Reflections on Three Years of Reading Knuth
A little over three years ago, I picked up a boxed set of the first three volumes of Donald Knuth's "The Art of Computer Programming" (TAOCP). I knew them by reputation before I ever even considered reading them — I knew, for example, that they had a reputation for being packed with dense mathematicalese along with a lot of brain-bendingly difficult problems. For whatever reason, that's the sort of odd challenge that appeals to me, so I went into the series with the intent to work every single problem. That turned out to be unrealistically ambitious - for one thing, there are a few problems that are marked as "research problems" that Knuth himself admits should take a motivated graduate student a semester to complete satisfactorily. There are even a few problems that he lists as "unsolved research problems" that may not even have a solution. I ended up settling for making at least a realistic attempt at every problem; even so, I was able to work far fewer than I expected I should have been able to. This is some seriously advanced material. I finally finished volume 3 last month, after three years of working as many problems as I was smart enough to work (which turned out to be fewer than I'd care to admit - but don't judge me until you try it yourself!)
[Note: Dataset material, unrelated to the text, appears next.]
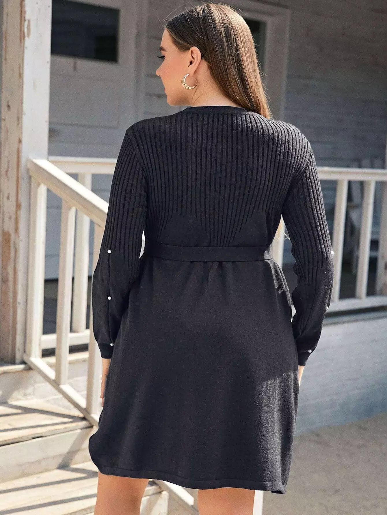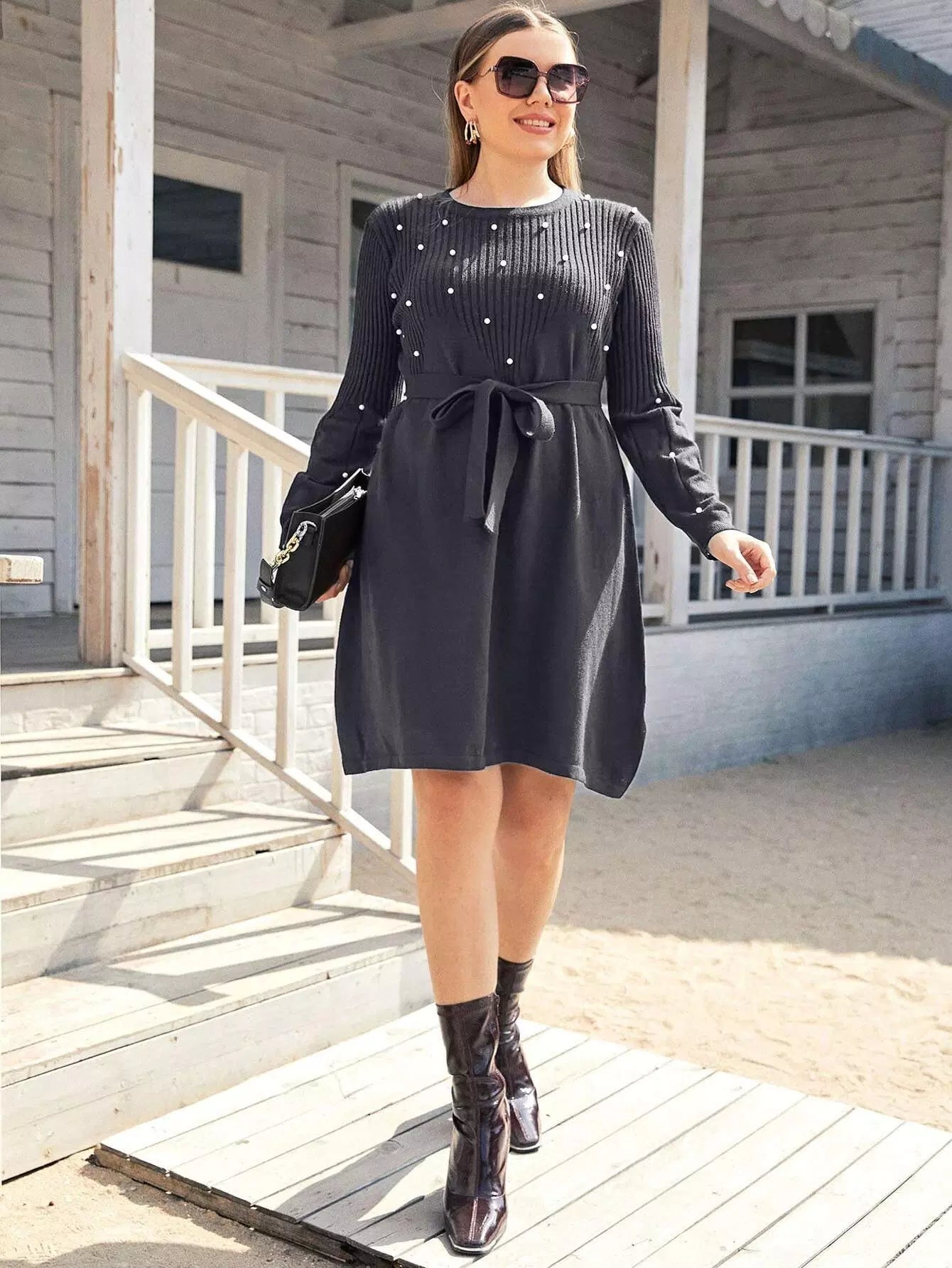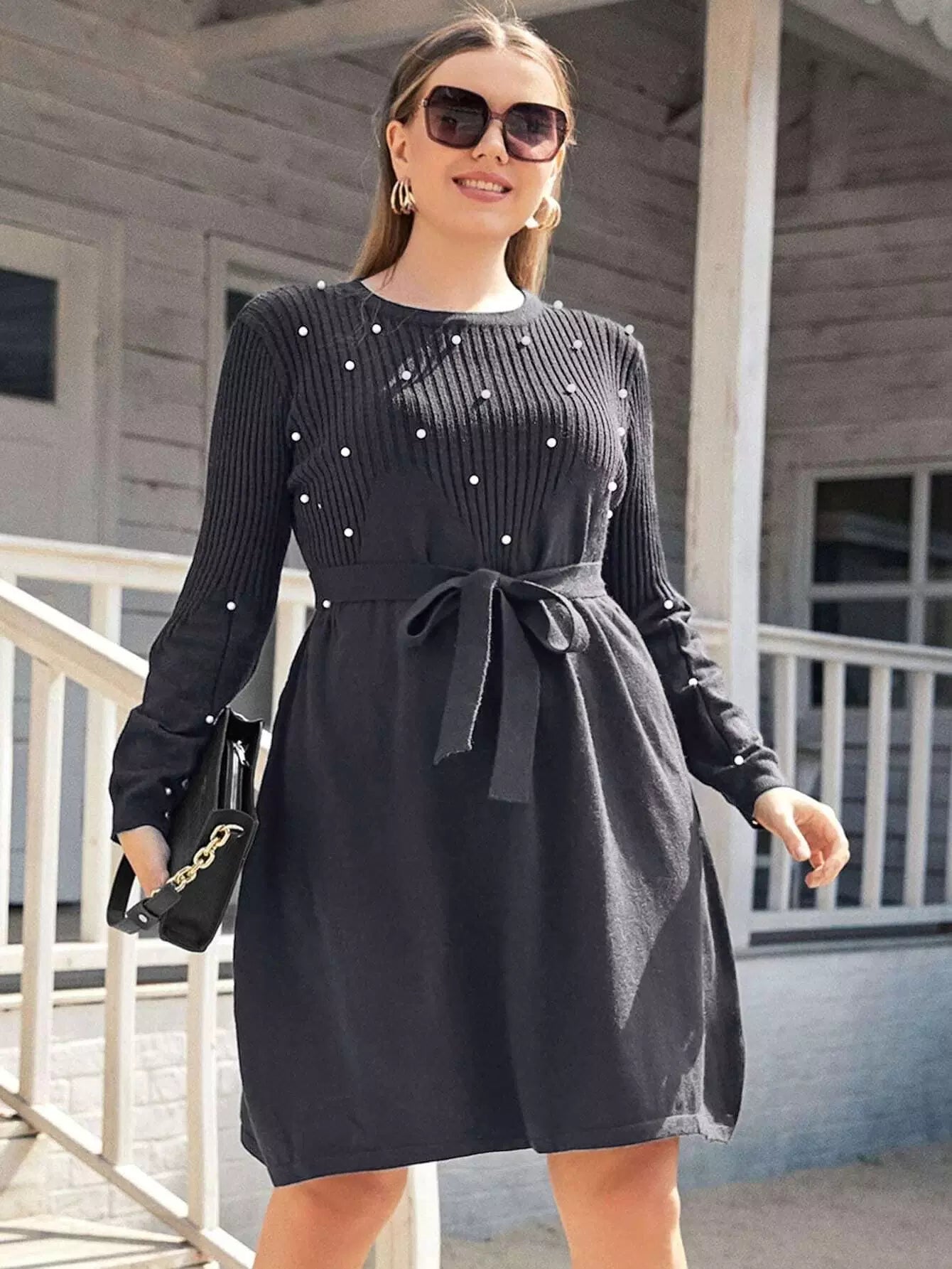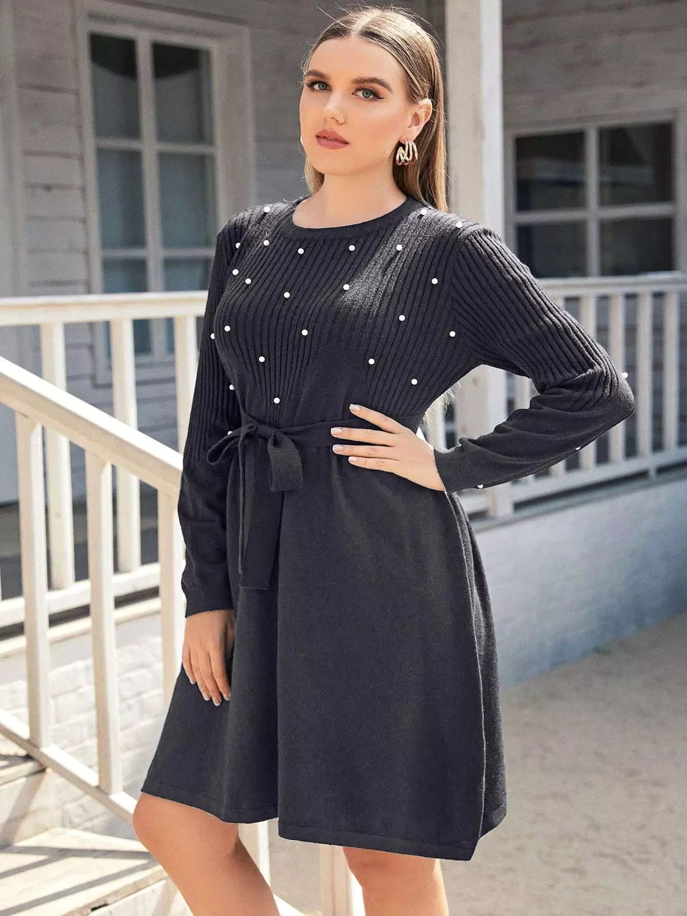 بالإضافة إلى فستان منسوج مطرز باللؤلؤ بدون حزام

I know that a lot of programmer types talk about these books — more than once I've seen them referred to as the books that everybody recommends but nobody actually reads. A lot of people are put off by the academic packaging or the cost; I can't disagree with either of those concerns. The books are heavily academic — to the point that they can and have been used as college textbooks. They're also expensive but, I think, worth the cost.
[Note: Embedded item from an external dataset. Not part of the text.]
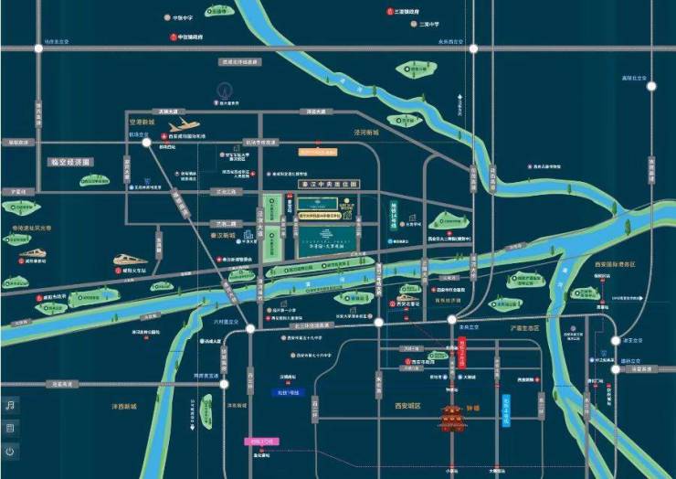 医疗:空军军医大学秦汉校区(建造中)、陕西省西咸新区人民医院,西安儿童医院经开院区,西安红会世界医院

Another reason people sometimes suggest staying away from TAOCP is that the material is irrelevant in the 21st century. This is sort of a more difficult concern to counter, honestly, especially now that I've finished all three books. On the one hand, I know that the Sun developers who put together the Java programming language leaned heavily on Knuth's discussion of random number generation and large-number mathematical operations in volume 2. On the other hand, though, most of us won't be undertaking any projects like the Java programming language in our careers. It's neat to read and entertaining to know, but you can probably get along your whole life just using the PRNG and mathematical libraries built into your programming environment without ever really understanding what makes them tick.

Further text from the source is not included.